I am by no means trying to put you off but having a realistic expectation of what it will take to achieve these things, is going to set you off on the front foot. There will be an element of sacrifice, embrace it. If it was easy, everyone would do it.

Path to success

Below are some key factors to consider when setting goals and planning a route to success.

Start low, aim high- as humans we tend to be optimists which while having many great advantages, is pretty terrible when setting goals. When you are setting your goal then start worst case scenario. I’m talking week from hell, everything goes wrong. If you can plan for that week, then you set yourself up for success.
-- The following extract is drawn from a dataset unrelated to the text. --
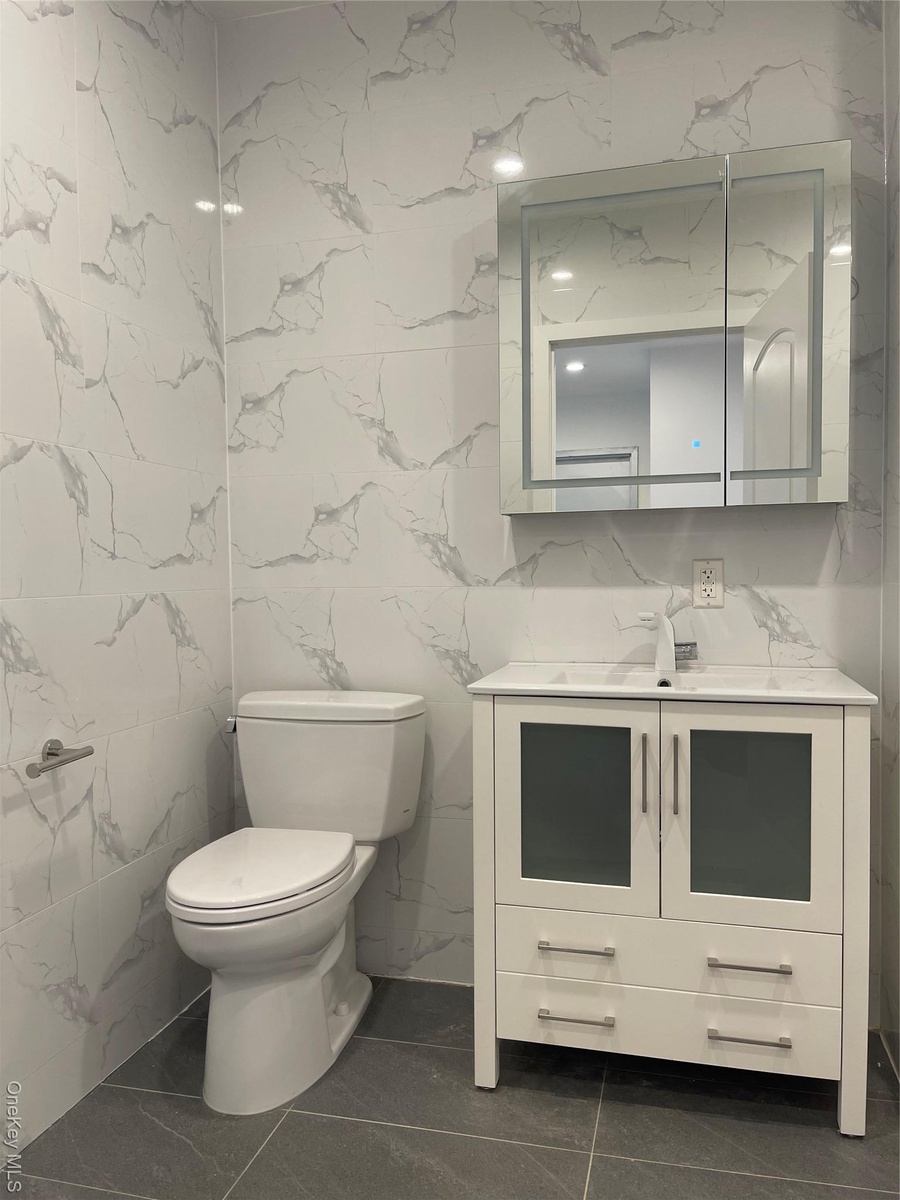 - Bathroom featuring tile walls and vanity
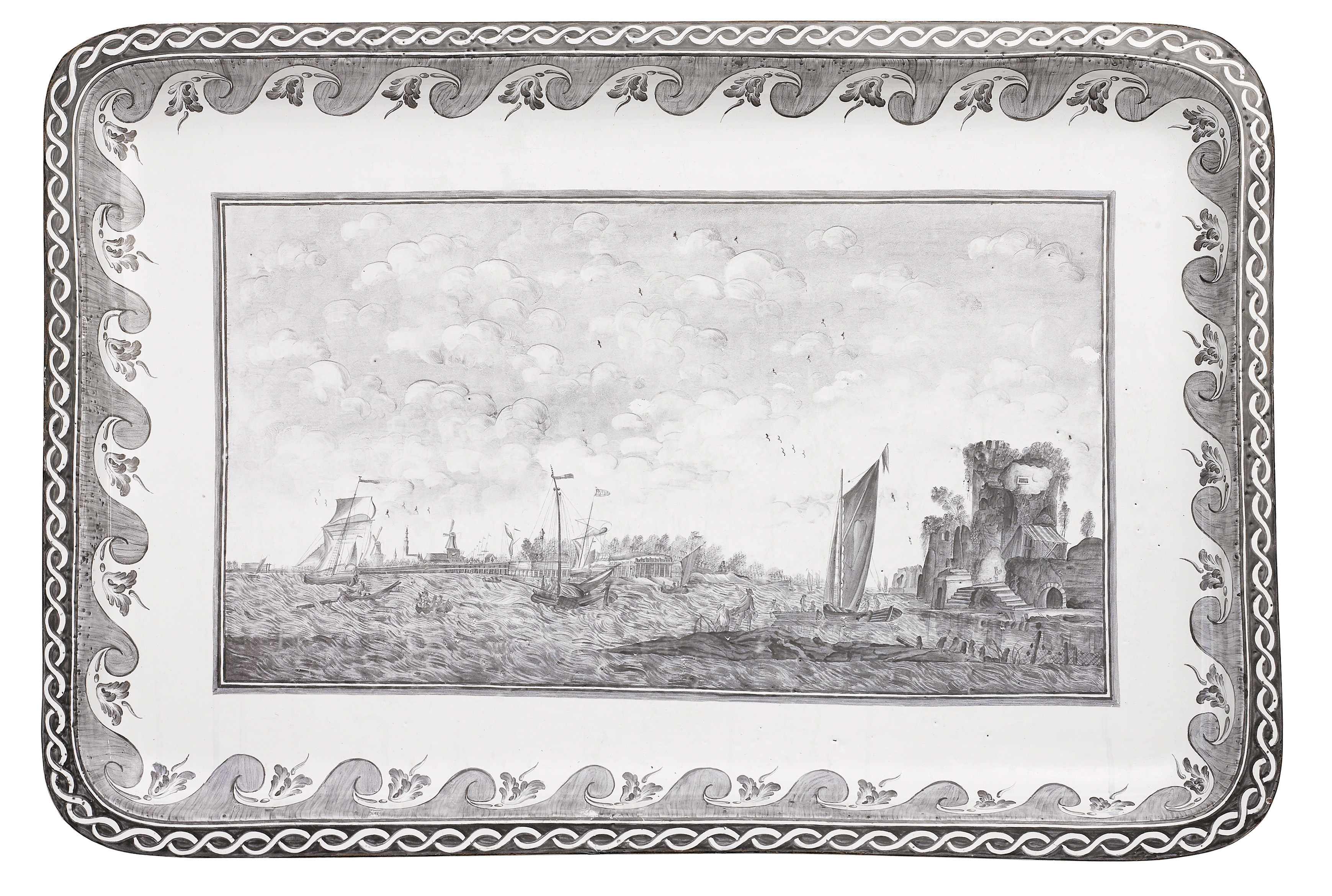 Diese große Teetischplatte ist eine der wenigen überkommenen Fayenceplatten, die perfekt erhalten ist. Die Fayencemalerei aus der Periode Elias Magnus Ingmann-Nordenstolpe, 1753-1773, ist von eindrucksvoller Virtuosität; sie nimmt Bezug auf Handzeichnungen oder graphische Vorlagen, so wie es im 18. Jahrhundert auch in der Porzellanmalerei üblich war.

You can always have “optional extras” (eat less calories, do more exercise, do more work etc) for weeks that aren’t armageddon.

Test then reassess- Work in small blocks of time. For example a month/ 6 weeks is perfect to test what you are doing and seeing if it is actually working. Your overall goal may be 6 months away but breaking it down into 6 mini blocks will enable you to constantly test, track and see what works.

Blast then cruise- trying to continually work towards a goal with no breaks can be tough, mentally and physically. If you schedule downtime (less exercise, more calories, less work) into your long term goal then this can often help to keep adherence higher.

If we look at a 6 month goal broken into 6 week blocks then every 6th week we may have a slightly easier week. For an exercise based goal this would be a deload (less volume) or for a weight based goal a maitainence week (a week bringing calories higher so you maintain weight.) Nothing in life tends to be linear so have times when you blast (work hard) and cruise (have breaks, periods of easier work.)

Lastly- S.M.A.R.T goals.

Generally we will have come across these at some point (school maybe) but lets re-cap.

Specific- I want to lose bodyweight through exercise and diet

Measurable- I want to lose 5kg in bodyweight

Attainable- I will be doing in slowly over a long time period with help from a trainer

Relevant- I am currently overweight and want to improve my health and how I look

Time based- I am going to lose this weight in 6 months

This is a very rough outline but you get the picture. This will give you the nitty gritty details of the goal setting. Add this to the soul searching you may have done in the first part of this article and you have a much clearer path to success.